Activity: Every picture stays out; everything else in the listing below is to be returned exactly.

<<<<

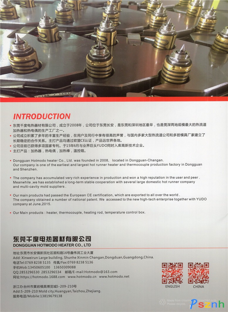 東莞千度電熱器材有限公司,成立于2008年,公司位于中國模具重鎮(zhèn)---東莞長安,是東莞和深圳地區(qū)最早,目前也是莞深兩地規(guī)模最大的熱流道加熱器和熱電偶的專業(yè)生產(chǎn)工廠。
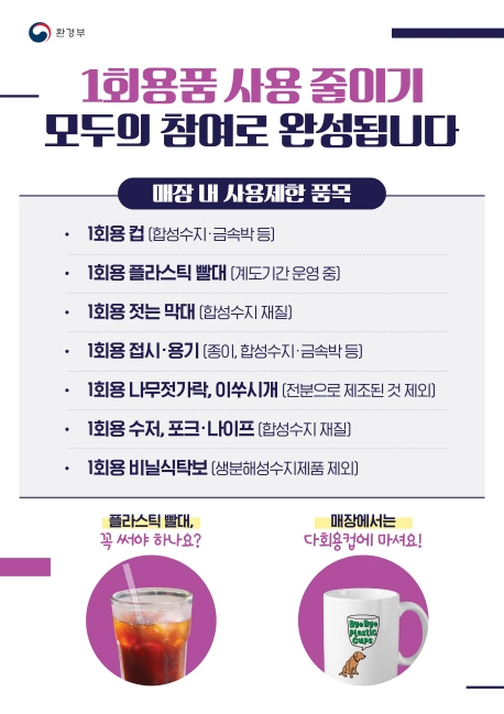 환경부는 일회용품 관리 정책을 과태료 부과에서 자발적 참여에 기반하는 지원 정책으로 전환하기로 했다. 주요 내용은 ▲식품접객업소와 집단급식소의 1회용 종이컵 사용은 규제 대상에서 제외되고 ▲플라스틱 빨대는 계도기간이 연장되며 ▲슈퍼 등 종합소매업의 경우, 비닐봉지 대신 장바구니, 종량제봉투 등 대체품 사용 문화를 정착한다는 것이다.
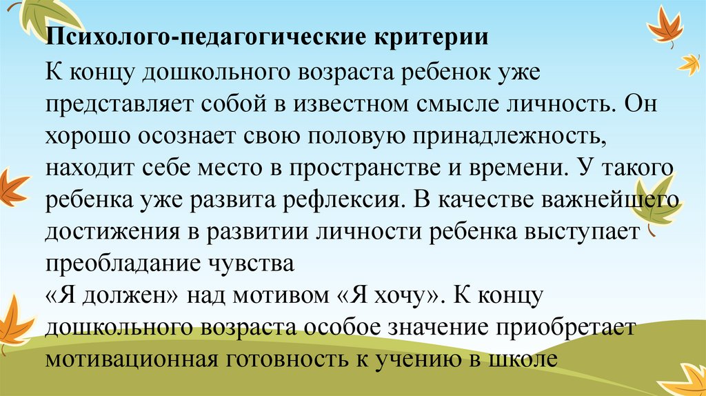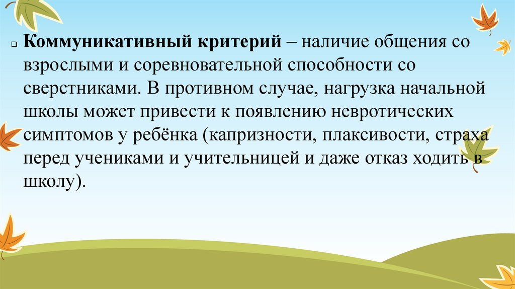 Коммуникативный критерий – наличие общения совзрослыми и соревновательной способности со
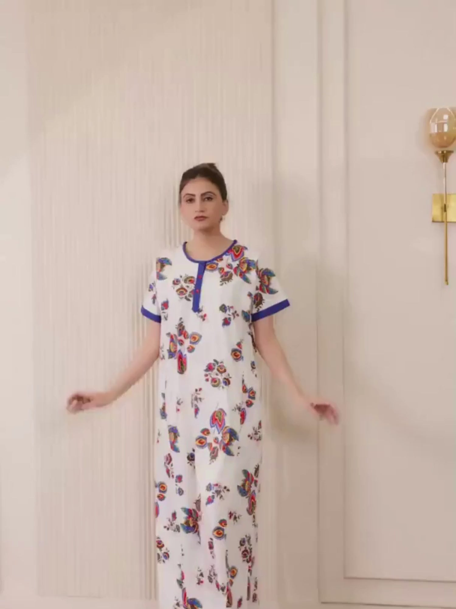Settle into softness with this cotton nightdress scattered with vibrant florals, finished with royal-blue trims and a neat button placket. Light, breathable, and easy to live in—from lights-out to lounge-about.
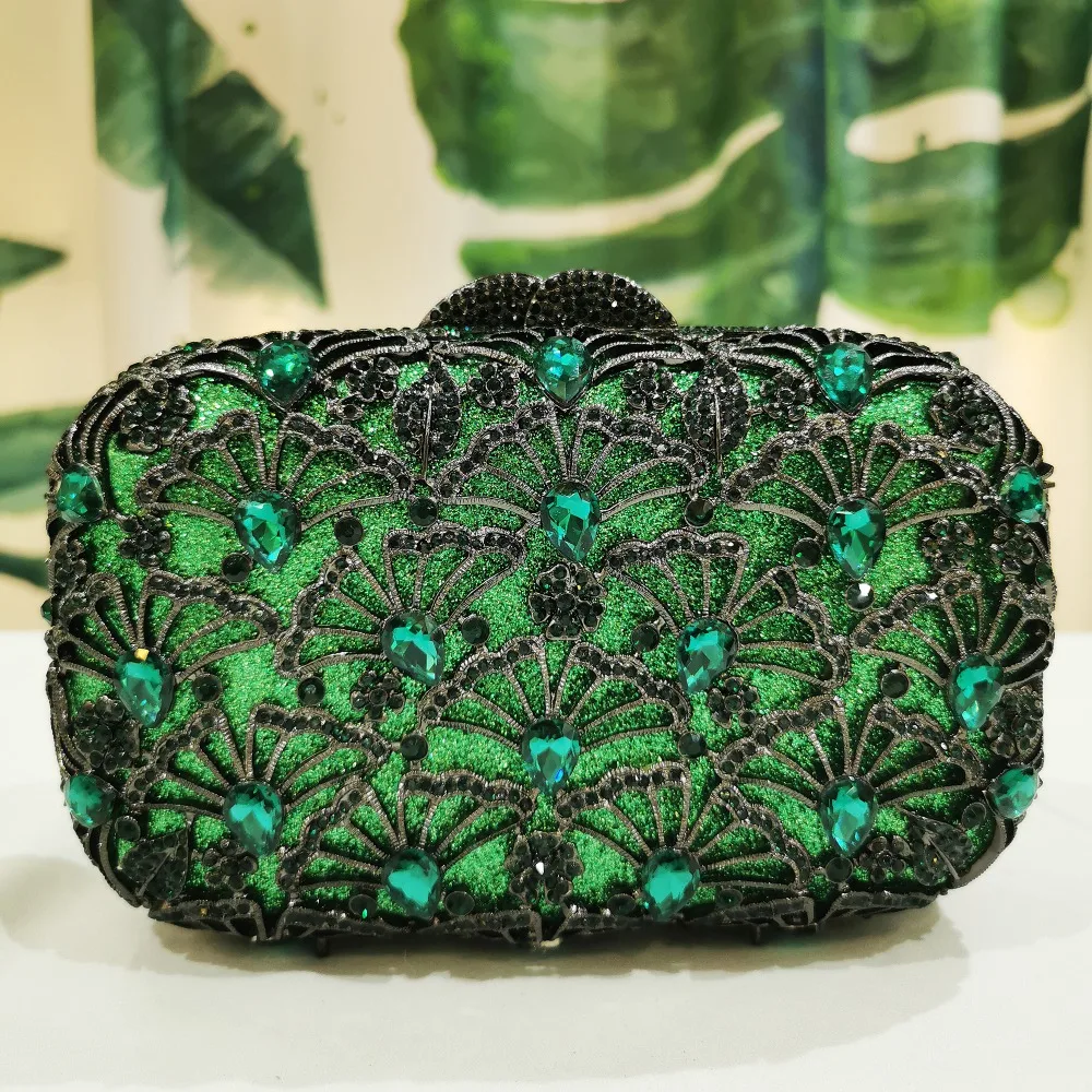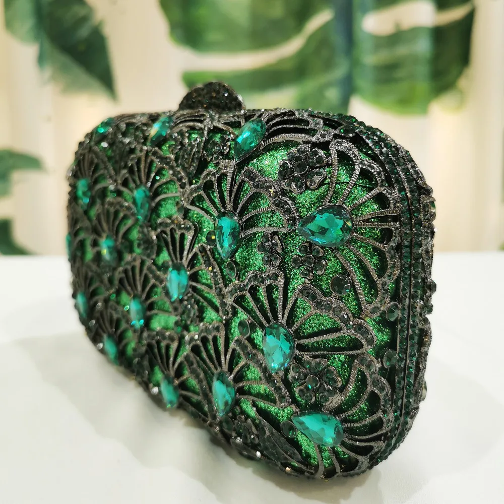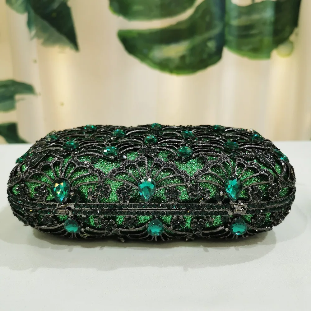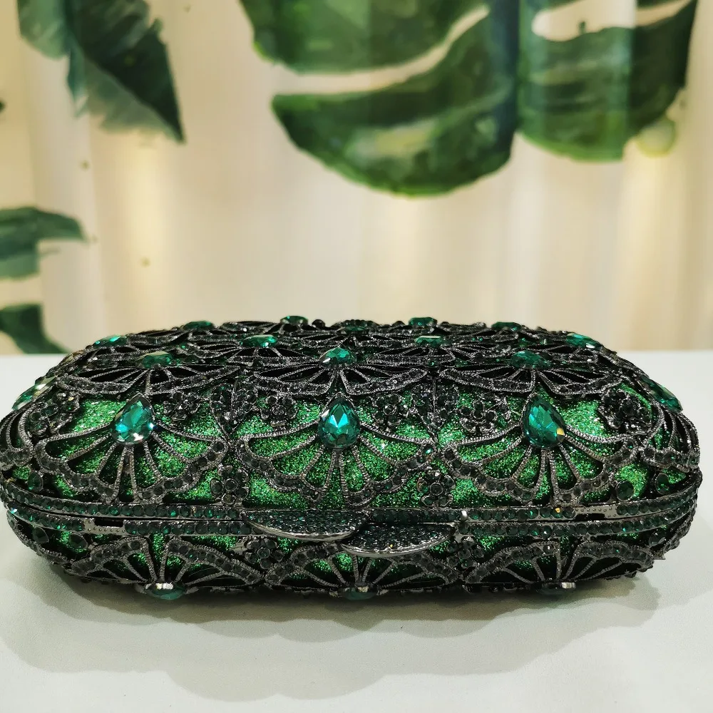 Women Crystal Diamond Green Evening Bags Purse Female Shoulder Messenger Handbags Chic Fashion Rhinestone Mini Prom Gift Bags

>>>>

Reply to the exercise:
 東莞千度電熱器材有限公司,成立于2008年,公司位于中國模具重鎮(zhèn)---東莞長安,是東莞和深圳地區(qū)最早,目前也是莞深兩地規(guī)模最大的熱流道加熱器和熱電偶的專業(yè)生產(chǎn)工廠。
 환경부는 일회용품 관리 정책을 과태료 부과에서 자발적 참여에 기반하는 지원 정책으로 전환하기로 했다. 주요 내용은 ▲식품접객업소와 집단급식소의 1회용 종이컵 사용은 규제 대상에서 제외되고 ▲플라스틱 빨대는 계도기간이 연장되며 ▲슈퍼 등 종합소매업의 경우, 비닐봉지 대신 장바구니, 종량제봉투 등 대체품 사용 문화를 정착한다는 것이다.
 Коммуникативный критерий – наличие общения совзрослыми и соревновательной способности со
Settle into softness with this cotton nightdress scattered with vibrant florals, finished with royal-blue trims and a neat button placket. Light, breathable, and easy to live in—from lights-out to lounge-about.
 Women Crystal Diamond Green Evening Bags Purse Female Shoulder Messenger Handbags Chic Fashion Rhinestone Mini Prom Gift Bags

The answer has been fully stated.